Our Griot Becomes an Ancestor: Rest in Power Ngũgĩ wa Thiong'o
Ngũgĩ wa Thiong'o bade this world goodbye on 28 May at the
age of 87. Fare thee well, great griot of our pathways. Say us well to the
ancestors whom you now join to be clothed with the earth from which we
all must return. He was definitely one of the greatest writers of in
the world. He gave us – Africa and the world at large – a profound depth of beauty,
thought and inspiration with his work.
He was also, in my view, the most representative of the
spirit of Africa, of the numerous colossal figures of the word, that have been
Africa’s contribution to the world and its literature. At childhood, his life
was interwoven with that of the Kenyan people fighting against British colonialism,
with all the consequences of this history.
He was named James
Ngugi at birth. This was name he used to publish his first novel Weep Not
Child. But he threw away the slave master's name, renaming himself in line
with the ways of his forbears.
He did not just criticise the past of colonial subjugation.
Realising, as a true intellectual should, that he owed a debt of intervention
for social progress to posterity, he organised and fought against post-colonial
tyranny and paid dearly for it.
He was detained by the Kenyan state and tortured severally.

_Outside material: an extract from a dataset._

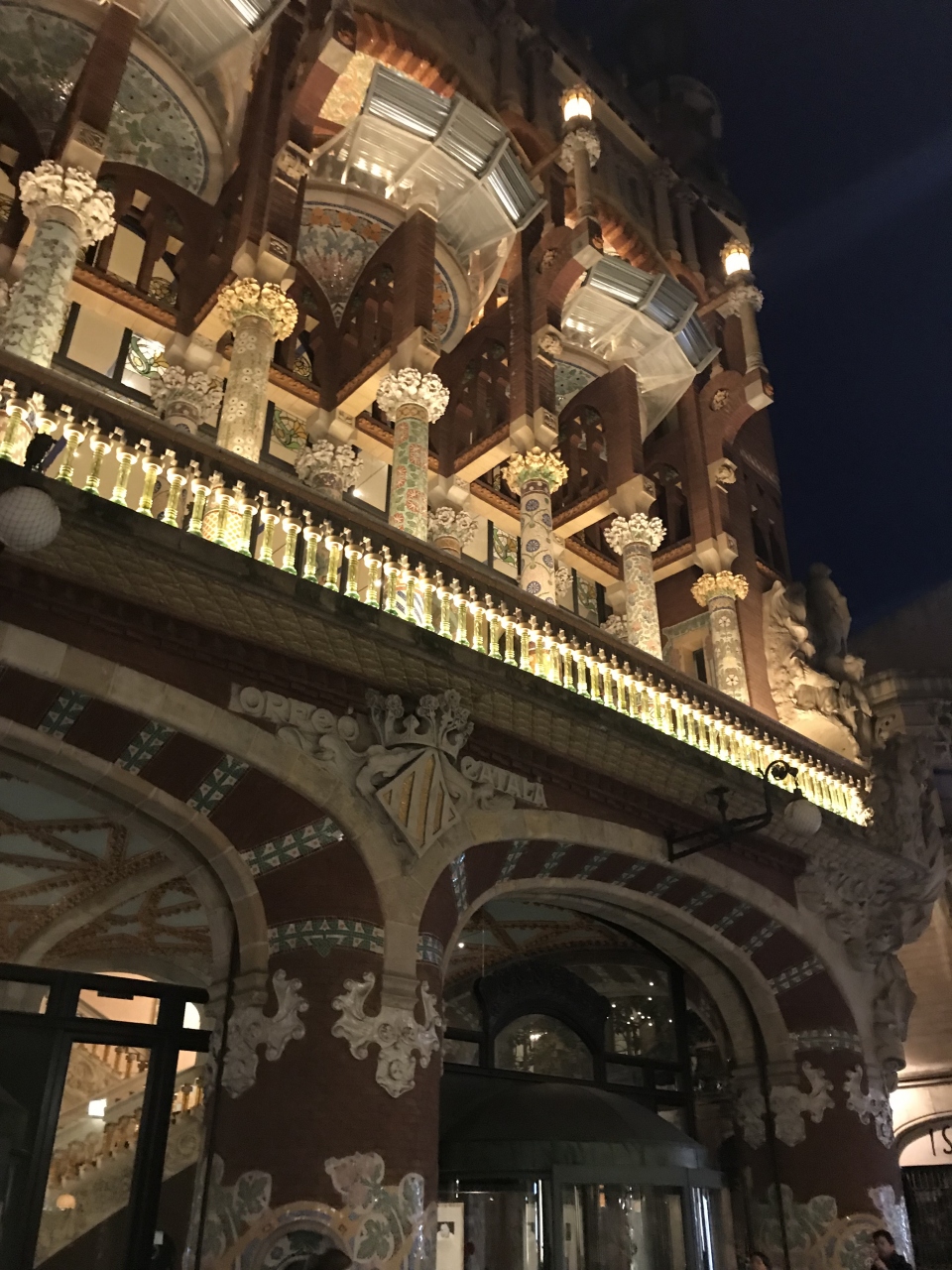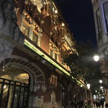 カタルーニャ広場から徒歩で10分くらいです。大通りから入った小さな通り沿いにありました。かなり大きいので、近くからでは全体が写真に収まりません。外観のみ見学でしたが、建物を間近に見られるので、彫刻や柱の模様などの細部の美しさを楽しむことができました。夜はライトアップされていました。

The greatest of torture dwelt on him was however not when he was in jail. In
2004, several thugs, linked to the tyrannical regime of President Daniel Arap
Moi's thugs broke into his house at night, tortured and burnt him. But it did
not end there. They brutalised and raped Njeeri, his wife, forcing him to
watch.
But why do I call him the greatest African writer? He is the
only great African writer that has been writing in his own language of Gikuyu,
since 1980, when he wrote Caitaani mũtharaba-Inĩ (in English: Devil on the
Cross). He then translates into English, only thereafter.
Many a writer cannot even write do-re-mi in their
mother tongue not to talk of a work of literature, even when they speak it
fluently. But their grasp of English or French (or Portuguese or Spanish) would
put even Shakespeare and Voltaire to shame in their graves.
Will we ever have another Ngugi, whose words bore the lived
commons of our ancestors, in our lifetime?